5. Les relations qui existent entre Etat protecteur et Etat protégé suscitent un problème plus délicat et plus pratique. Toute guerre est-elle nécessairement commune au protecteur et au protégé ?

Il semble qu'il faille pour la solution de ce problème séparer deux cas différents. Lorsqu'un Etat protégé fait la guerre, nous considérons comme impossible la neutralité de l'Etat protecteur. Il arrive en effet de deux choses l'une ou bien c'est avec l'autorisation de son protecteur que le protégé a pris les armes; alors il est du devoir du premier de le défendre, et il ne peut le faire qu'en joignant ses armes aux siennes; ou bien c'est contre le gré du protecteur, gérant responsable de ses relations internationales, que le protégé a déclaré la guerre; en ce cas, à peine d'engager gravement sa responsabilité à l'égard des Etats tiers, le protecteur a le devoir d'agir sur son protégé pour le contraindre à renoncer à son entreprise.

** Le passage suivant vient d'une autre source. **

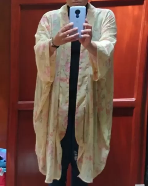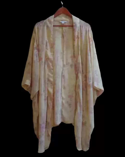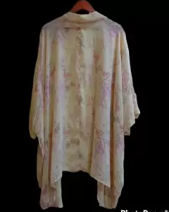 Hermoso ensamble tipo kimono, oversized de tela vaporosa color cremita con estampado de flores rosas pastel, es unitalla, super lindo*Talla Unitalla*Sin detalles*Calificación 10*GRACIAS POR TU PREFERENCIA*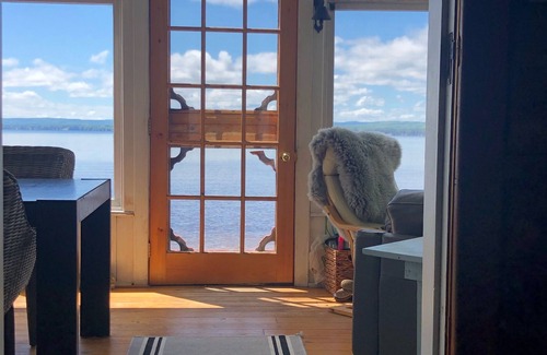 -Large enclosed sunporch close to shoreline with dining area (seats 8) and sitting areas under a vaulted ceiling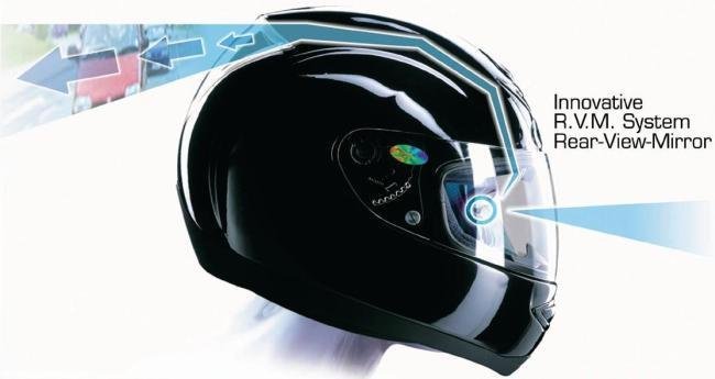 Este sistema retrovisor está formado por varios espejos integrados en la calota del casco. La visión posterior la capta una ventana transparente situada a la altura de nuestra coronilla y llega a un pequeño espejo retrovisor que queda por encima de nuestros ojos. De esta forma, echando un rápido vistazo hacia ese retrovisor veremos que sucede a nuestras espaldas.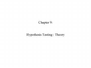 <Notice: Removed> Chapter 9: Hypothesis Testing : Theory PowerPoint PPT Presentation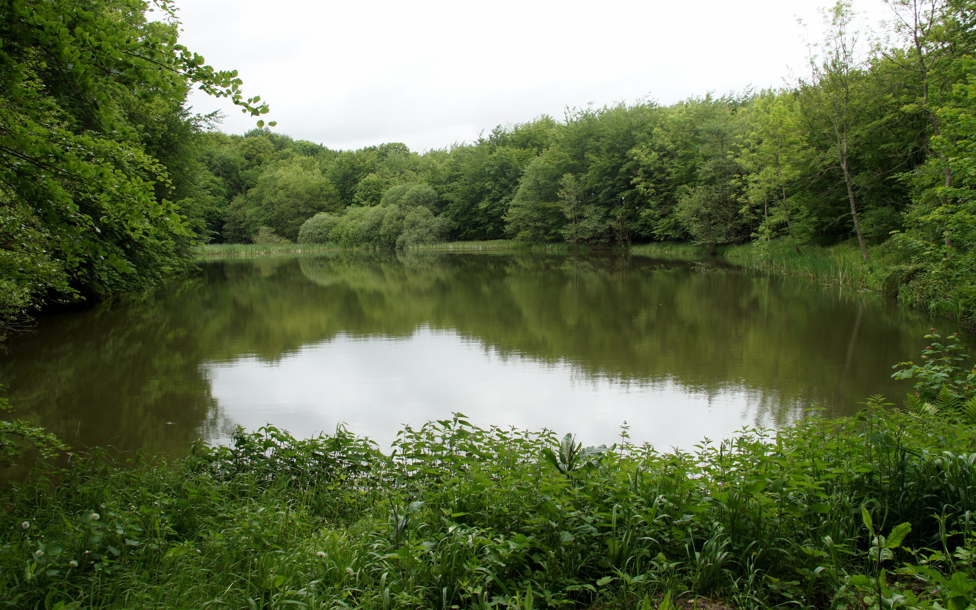 Description: A lake surrounded by trees and bushes in the middle of a forest area with a cloudy sky above it.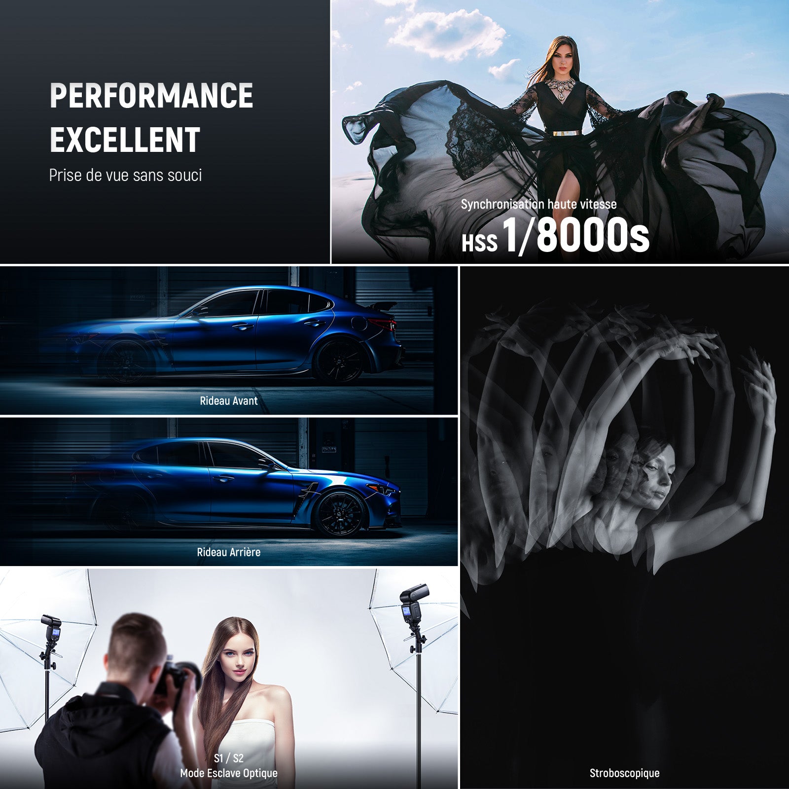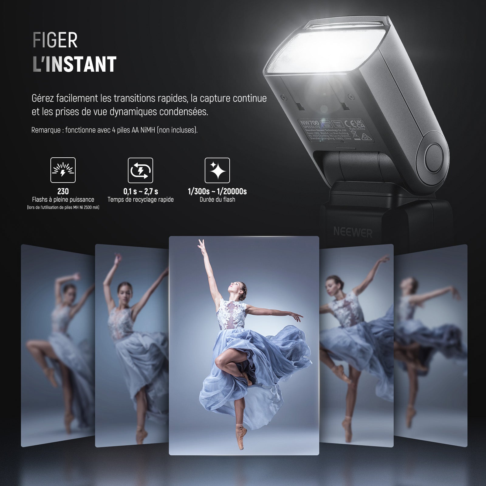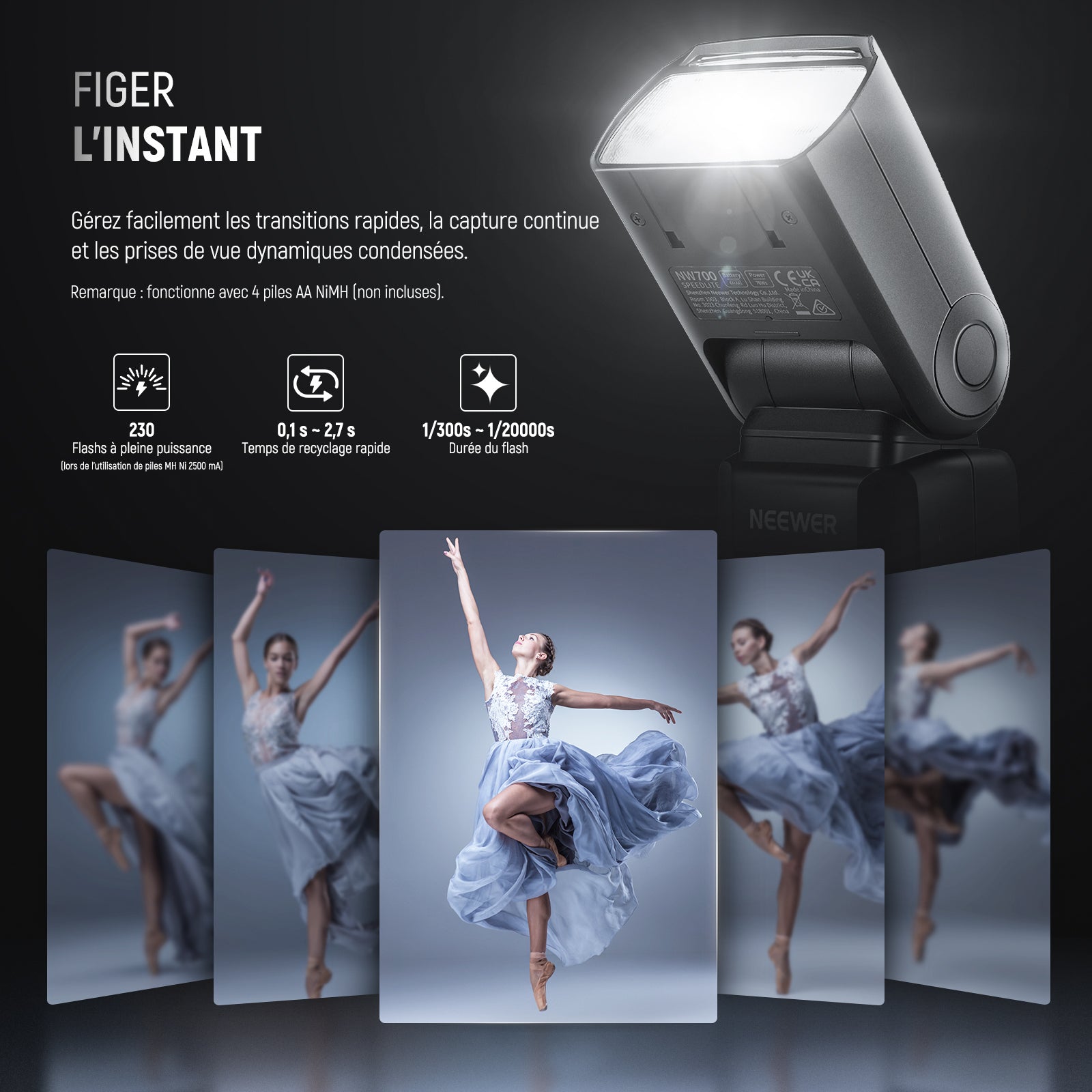 Haute performance avec double alimentation - Avec un port d'alimentation supplémentaire, le NW700-N peut être alimenté non seulement par 4 piles AA MH-Ni, mais aussi par l'alimentation externe CP-E4 (les deux non incluses). Prend en charge 230 flashs à pleine puissance, environ 0,1 à 2,7 secondes de recyclage rapide, et une durée de flash de 1/20000s (lors de l'utilisation de piles MH-Ni 2500mA), de sorte que les photographes ne manquent aucune prise de vue. Peut être contrôlé à distance par le déclencheur NEEWER FC-16 (non inclus).

S'agit-il au contraire d'une guerre particulière au protecteur, hypothèse bien plus pratique, alors nous hésiterions beaucoup à décider que le protégé doit prendre fait et cause du protecteur belligérant. Si en effet il est du devoir du protecteur de défendre son protégé, on ne peut pas dire qu'il incombe réciproquement à ce dernier d'appuyer de ses armes. la cause de l'Etat au protectorat duquel il se trouve soumis. Il paraît donc certain qu'un Etat protégé peut demeurer neutre, alors que son protecteur se trouve engagé dans un état

(1) V. Constitution de l'empire allemand, art. 11; Constitution fédérale suisse, art. 8; Constitution des Etats-Unis d'Amérique, art. 1, sect. VIII, 11°; Constitution mexicaine, art. 85, § 8; Constitution argentine, art. 67, N° 2. § 18; Constitution brésilienne, art. 34, 11°.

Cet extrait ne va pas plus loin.